Reading Group Feature Selection - SS 07
- target group: (PhD-)students and staff with some ML background
- time and place: Wednesday, 11:30-12:30 at E302 or a nearby seminar room
- contact: weizsaec@rbg.informatik.tu-darmstadt.de
Introduction
Feature selection is the task of choosing an subset S of input variables/features that yields high performance when used by some learning algorithm. This explanation is somehow vague.
- Representation of the superset: Let V be the set that contains all variables considered. Is V given explicitly, such that we can do search on it by locking at any member in turn, or is it only an abstract set from which we can generate members but where exhaustive search is unfeasible?
- Division of Feature Selection and Learning: Doesn't the selection of useful variables and learning weights for a model using these variables belong together?
of which a survey is given in
- [GuyonE05]: An Introduction to Variable and Feature Selection, Isabelle Guyon, André Elisseeff, JMLR Special Issue on Variable and Feature Selection (Kernel Machines Section), 2003.
Further, we want to contrast these techniques to those that are used in symbolic rule learning algorithms, as rules can also be taken as binary variables.
- Selection of Relevant Features and Examples in Machine Learning , Avrim L. Blum, Pat Langley, 1997
Schedule
Date | Reading | Presenter |
---|---|---|
16.5.2007 | Intro | |
23.5.2007 | Feature selection based on mutual information: criteria of max-dependency, max-relevance, and min-redundancy | Sang-Hyeun |
30.5.2007 | Searching for Interacting Features | Nik |
6.6.2007 | Distributional Word Clusters vs. Words for Text Categorization | Eneldo |
13.6.2007 | Ranking a Random Feature for Variable and Feature Selection | Frederik |
20.6.2007 | Semi-supervised Feature Selection via Spectral Analysis Selection | Lorenz |
Systematics following [GuyonE05]
For an first overview we make the following distinction of feature selection approaches, where we follow the survey paper [GuyonE2005].- filters - selection schemes that do not depend on nor use any predictor
- wrappers - approximated optimization of subsets w.r.t. the cost function of the predictor
- embedded - integration of feature selection criteria into the cost function of the learner
Reading Proposals
- further proposals welcome
Filters
- [DhillonMK03]: A Divisive Information Theoretic Feature Clustering Algorithm for Text Classification, Inderjit S. Dhillon, Subramanyam Mallela, Rahul Kumar, 2003. About: Feature creation by distributional clustering based information theoretic relations, applied to (hierarchical) text classification. See [GuyonE05] section 5.1, see also Bekkerman et al. 2003.

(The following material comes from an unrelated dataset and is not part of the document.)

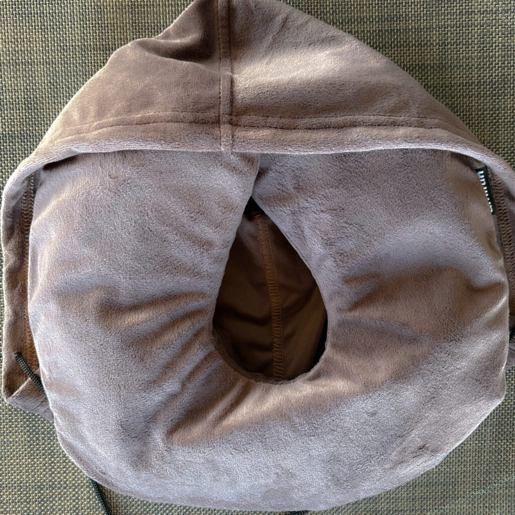 シニア世代には「ネックピロー」より「腰まくら」として使うのがおススメ。座面の角度が合わない海外の飛行機でも、これ一つで姿勢が安定し、到着時の腰の軽さが劇的に変わります。空気の量を調節できるので体勢に合わせられます。

- [StoppigliaDDO03]: Ranking a Random Feature for Variable and Feature Selection, Hervé Stoppiglia, Gérard Dreyfus, Rémi Dubois, Yacine Oussar, 2003. About: Combines feature ranking via Gram-Schmid on example space with setting random probe in order get the right cut. See [GuyonE05], section 4.2.
- [ZhengL07]: Searching for Interacting Features, Z. Zhao and H. Liu, 2007. About: find subsets of features that have joint relevance (..).
- [ZhengL07b]: Semi-supervised Feature Selection via Spectral Analysis, Z. Zhao and H. Liu, 2007. About: Graphtheory based ranking of features. If the image of a point in the example space w.r.t. to the root of the Laplacian of the similarity matrix has great L_2 norm, the corresponding feature is considered to fit less to the given similarities and is therefore less relevant.
Filters/Wrappers
- [PengLD05]: Feature selection based on mutual information: criteria of max-dependency, max-relevance, and min-redundancy, Peng, H.C., Long, F., and Ding, C., 2005. About: Section 3 gives an analytical discussion of the selection criteria mentioned in the title. Later they show how they can efficiently be used for wrapping techniques.
Embedded
- [WestonEST03]: Use of the Zero Norm with Linear Models and Kernel Methods, Jason Weston, André Elisseeff, Bernhard Schölkopf, Mike Tipping, 2003. About: Prototype embedded selection where in SVM the L_2 regularization is (approximately) replaced by L_0, e.g. by counting the non-zeros.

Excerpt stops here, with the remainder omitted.